* Exercise brief: Copying rule for the data below: pictures stay out, and only the lines from the one with "Families can learn" down to the one with "Multi-Purpose Use: Comes", inclusive, are repeated exactly.

Data records
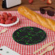 Placa de papel festeiro incomum com um padrão excêntrico de armadilha de Vênus em preto e verde.
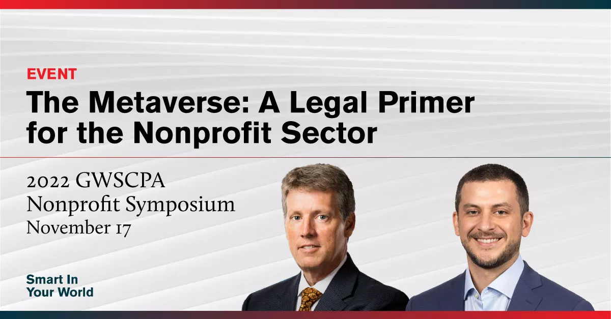 Nonprofits & Associations Industry Group Co-Leader Sean Glynn and Associate Dan Jasnow will present about metaverse considerations for the nonprofit sector at the 2022 Greater Washington Society of CPAs (GWSCPA) Nonprofit Symposium on November 17.
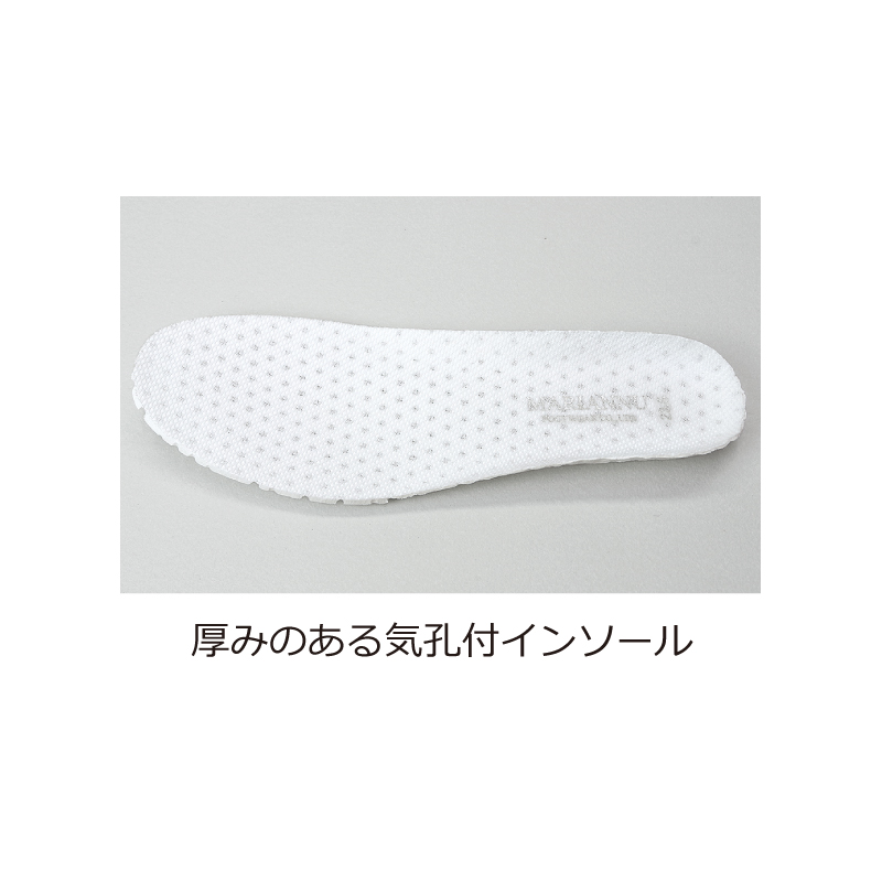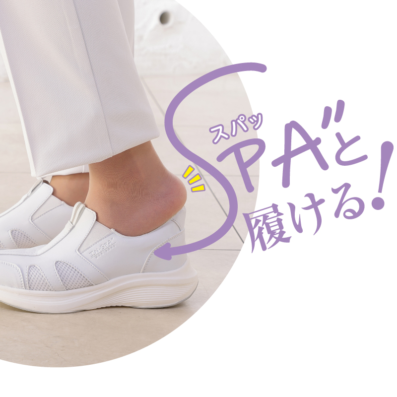●靴ベラ型のかかとはハンズフリー仕様で手を使わずに着脱可能●厚みのある気孔付インソールで通気性とクッション性を確保
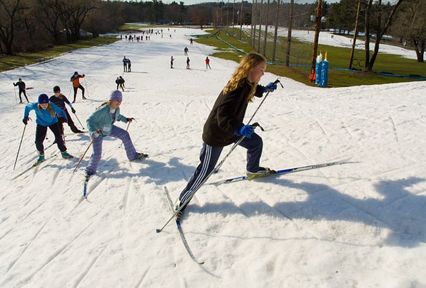 Families can learn to cross country ski or showshoe together at Winter Trails Day. Photo courtesy of Weston Ski Track/Paddle Boston
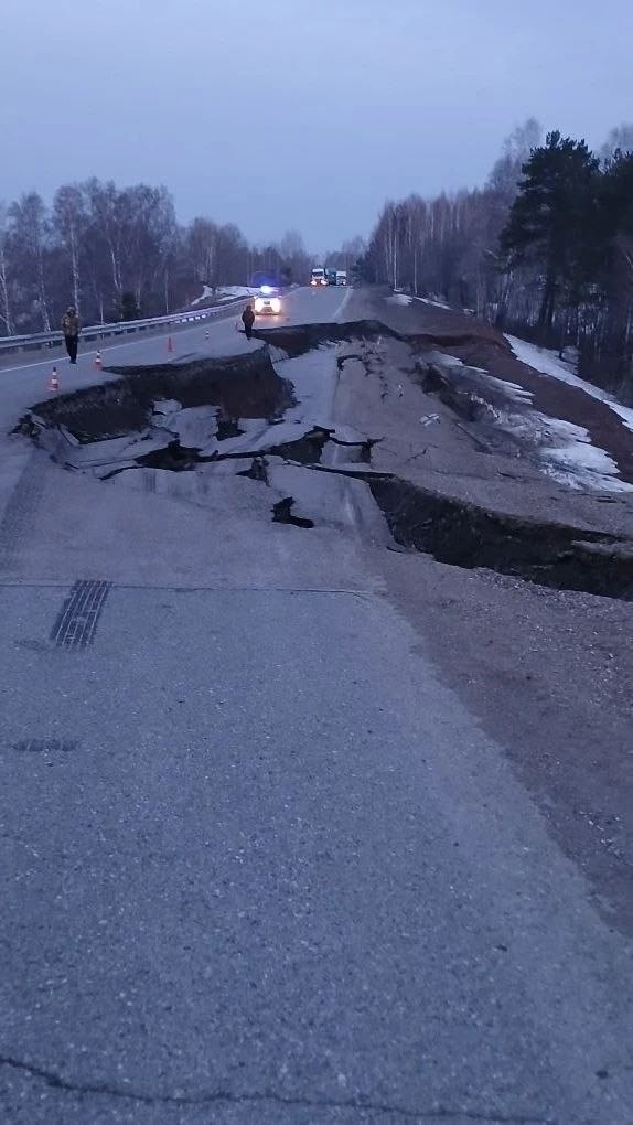 😨Из-за обрушения дорожного полотна перекрыта трасса между Бийском и Новокузнецком
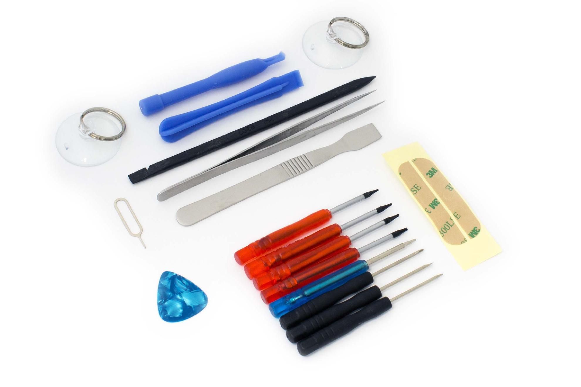 vhbw Kit d'outils de réparation pour smartphone, tablette, écran, changement de batterie - Inclus tournevis, colle, outil d'ouverture et plus
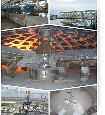 沉淀池刮泥機我公司根據(jù)現(xiàn)場的工況要求設計了在扭矩過大時攪拌軸和攪拌耙壁自動提升裝置,當扭矩下降后再自動下降刮泥的功能以防止不穩(wěn)定的工況下攪拌軸和刮泥耙壁的損壞。主要有扭矩和功能電氣控制系統(tǒng)、傳動減速機系統(tǒng)、回轉支撐系統(tǒng)、自動提升系統(tǒng)、攪拌耙壁系統(tǒng)等組成。轉速從0.07-0.2rpm,池體直徑?3-25m,扭矩3000-50000N.m,可以長期無后顧之憂的使用。
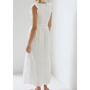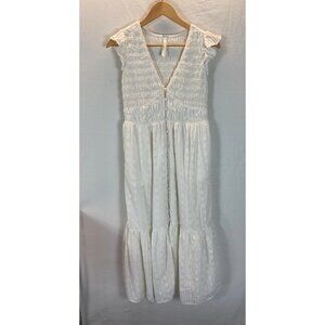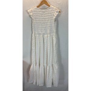 Anthropologie Peregrine MIDI Dress White Size S smocked flutter sleeve
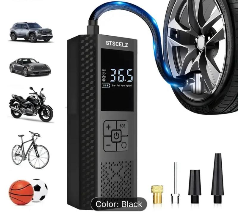 Multi-Purpose Use: Comes with multiple nozzle attachments for inflating car tyres, bicycle tyres, motorcycles, sports balls, and inflatable toys.
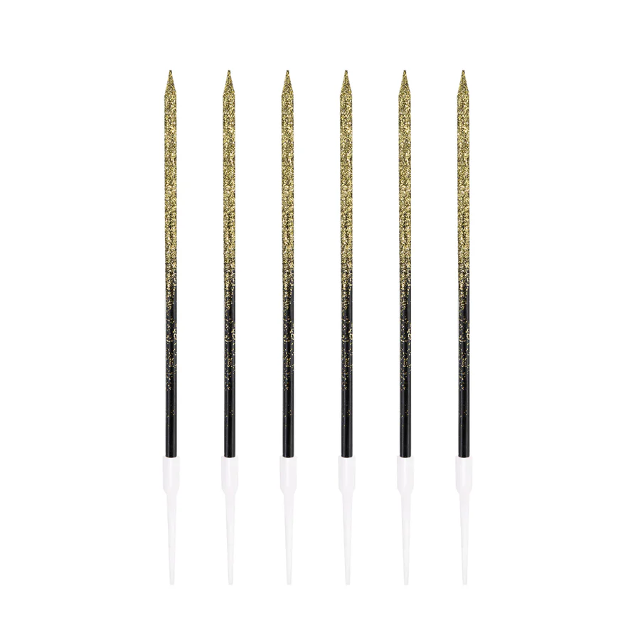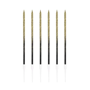 Świeczki urodzinowe czarno-złote z brokatem 6szt.
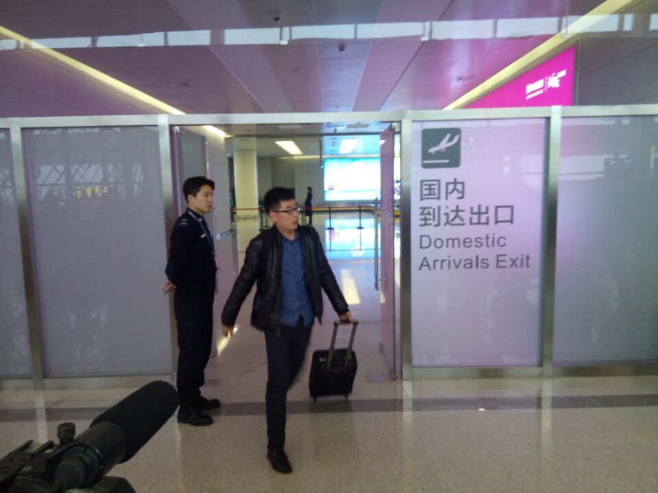 第一位乘客出來了(日照日報社全媒體報道 記者 王帥)

* Response area:
 Families can learn to cross country ski or showshoe together at Winter Trails Day. Photo courtesy of Weston Ski Track/Paddle Boston
 😨Из-за обрушения дорожного полотна перекрыта трасса между Бийском и Новокузнецком
 vhbw Kit d'outils de réparation pour smartphone, tablette, écran, changement de batterie - Inclus tournevis, colle, outil d'ouverture et plus
 沉淀池刮泥機我公司根據(jù)現(xiàn)場的工況要求設計了在扭矩過大時攪拌軸和攪拌耙壁自動提升裝置,當扭矩下降后再自動下降刮泥的功能以防止不穩(wěn)定的工況下攪拌軸和刮泥耙壁的損壞。主要有扭矩和功能電氣控制系統(tǒng)、傳動減速機系統(tǒng)、回轉支撐系統(tǒng)、自動提升系統(tǒng)、攪拌耙壁系統(tǒng)等組成。轉速從0.07-0.2rpm,池體直徑?3-25m,扭矩3000-50000N.m,可以長期無后顧之憂的使用。
 Anthropologie Peregrine MIDI Dress White Size S smocked flutter sleeve
 Multi-Purpose Use: Comes with multiple nozzle attachments for inflating car tyres, bicycle tyres, motorcycles, sports balls, and inflatable toys.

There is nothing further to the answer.